WHAT THIS TASK INVOLVES: The listing below must be returned in full and unchanged, without the images it carries.

RECORDED DATA:
▼▼▼

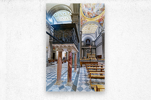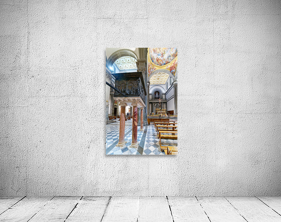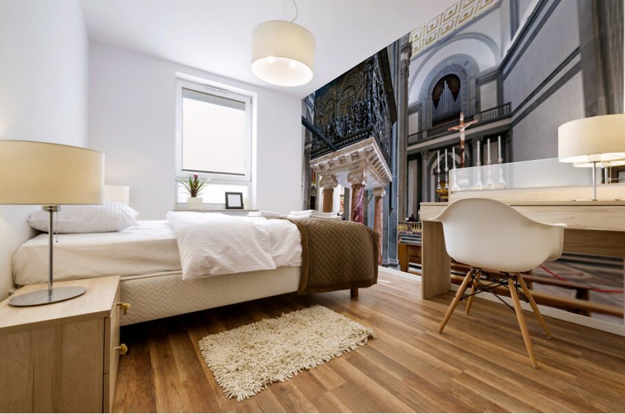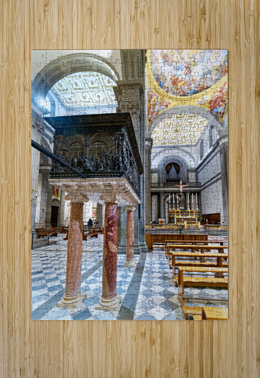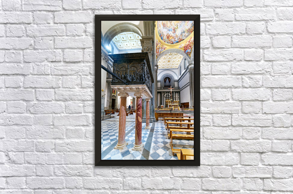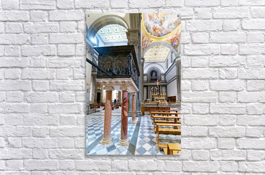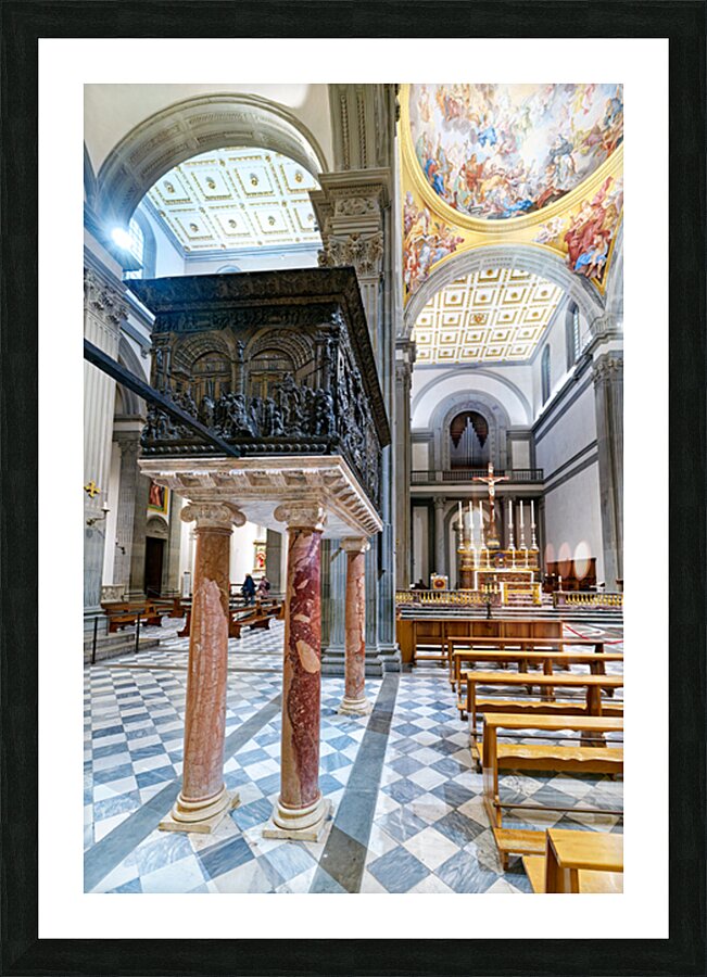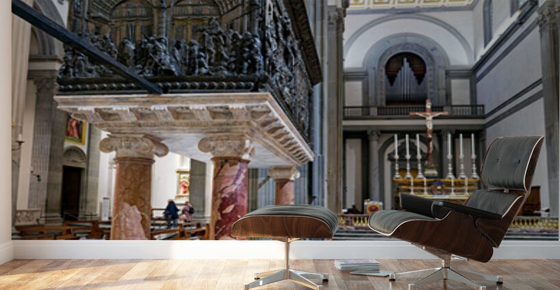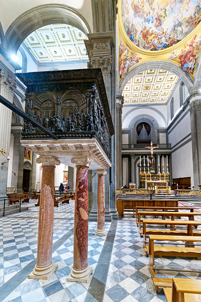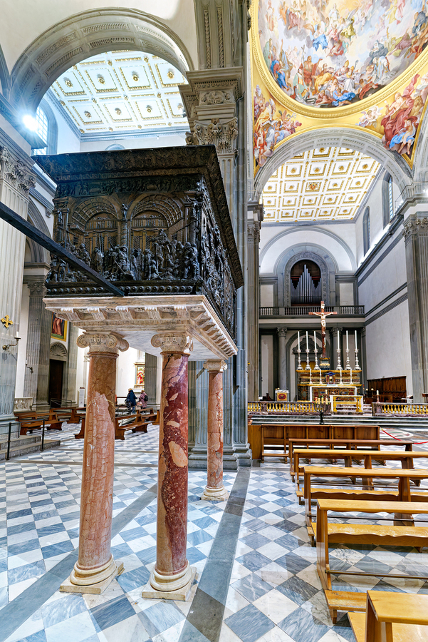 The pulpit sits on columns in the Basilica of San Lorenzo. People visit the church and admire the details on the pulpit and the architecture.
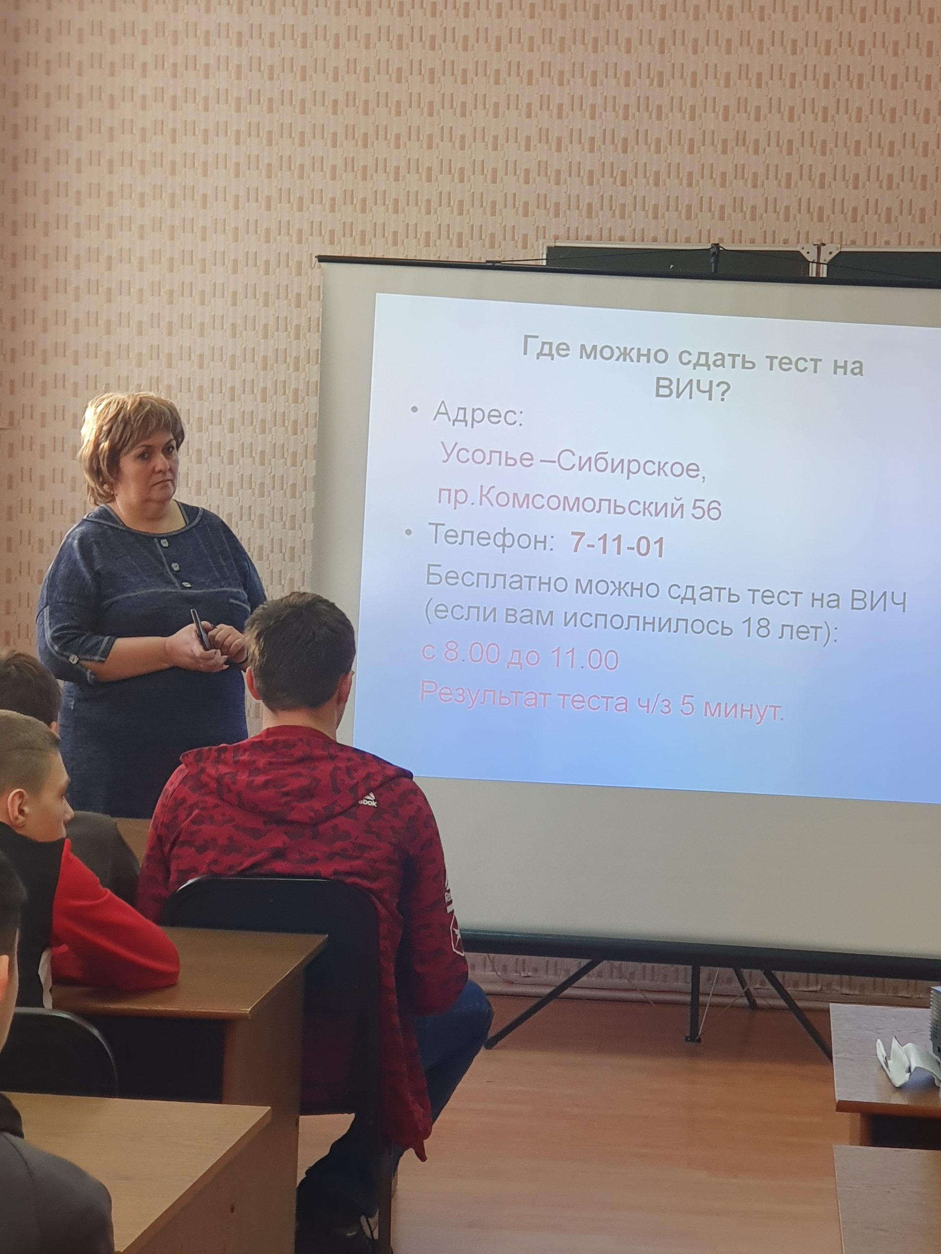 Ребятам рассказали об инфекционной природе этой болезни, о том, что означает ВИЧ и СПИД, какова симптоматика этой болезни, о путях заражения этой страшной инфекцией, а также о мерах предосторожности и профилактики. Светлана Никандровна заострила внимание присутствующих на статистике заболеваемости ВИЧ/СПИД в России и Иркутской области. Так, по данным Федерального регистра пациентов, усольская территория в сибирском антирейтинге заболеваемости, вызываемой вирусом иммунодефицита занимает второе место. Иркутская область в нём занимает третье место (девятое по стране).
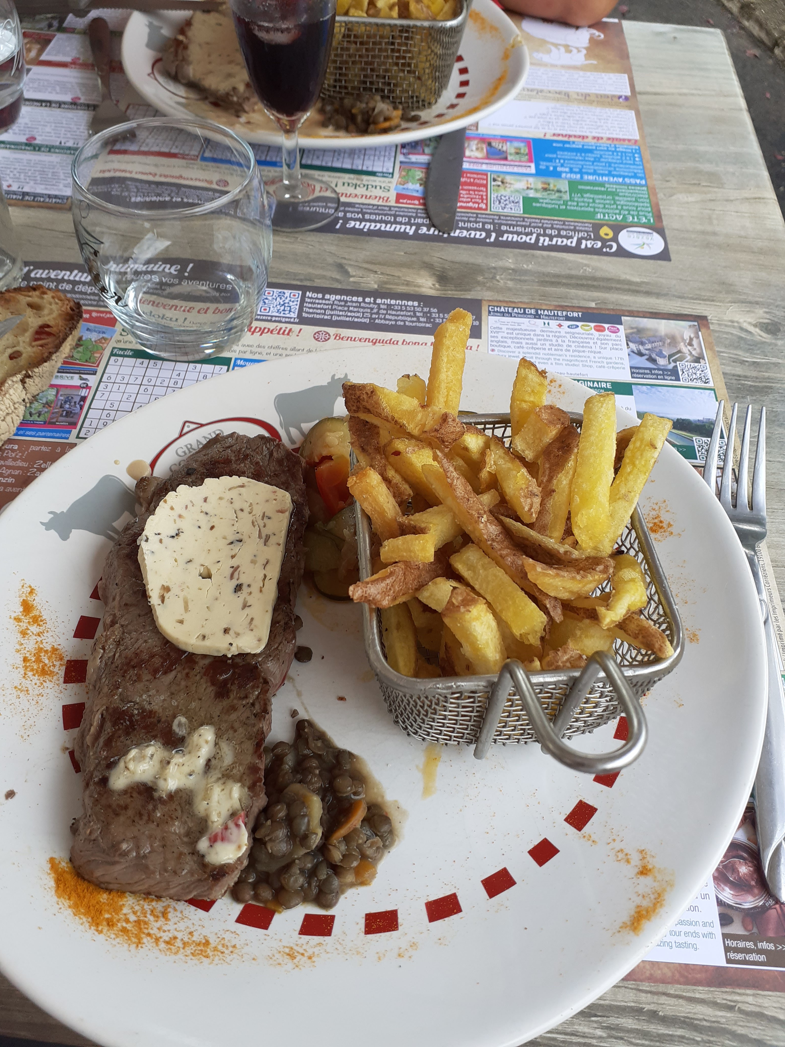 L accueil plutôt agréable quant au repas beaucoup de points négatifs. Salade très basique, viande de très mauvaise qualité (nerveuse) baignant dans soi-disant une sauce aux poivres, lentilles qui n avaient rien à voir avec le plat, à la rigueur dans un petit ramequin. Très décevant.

▲▲▲

RESULT OF THIS TASK:
 The pulpit sits on columns in the Basilica of San Lorenzo. People visit the church and admire the details on the pulpit and the architecture.
 Ребятам рассказали об инфекционной природе этой болезни, о том, что означает ВИЧ и СПИД, какова симптоматика этой болезни, о путях заражения этой страшной инфекцией, а также о мерах предосторожности и профилактики. Светлана Никандровна заострила внимание присутствующих на статистике заболеваемости ВИЧ/СПИД в России и Иркутской области. Так, по данным Федерального регистра пациентов, усольская территория в сибирском антирейтинге заболеваемости, вызываемой вирусом иммунодефицита занимает второе место. Иркутская область в нём занимает третье место (девятое по стране).
 L accueil plutôt agréable quant au repas beaucoup de points négatifs. Salade très basique, viande de très mauvaise qualité (nerveuse) baignant dans soi-disant une sauce aux poivres, lentilles qui n avaient rien à voir avec le plat, à la rigueur dans un petit ramequin. Très décevant.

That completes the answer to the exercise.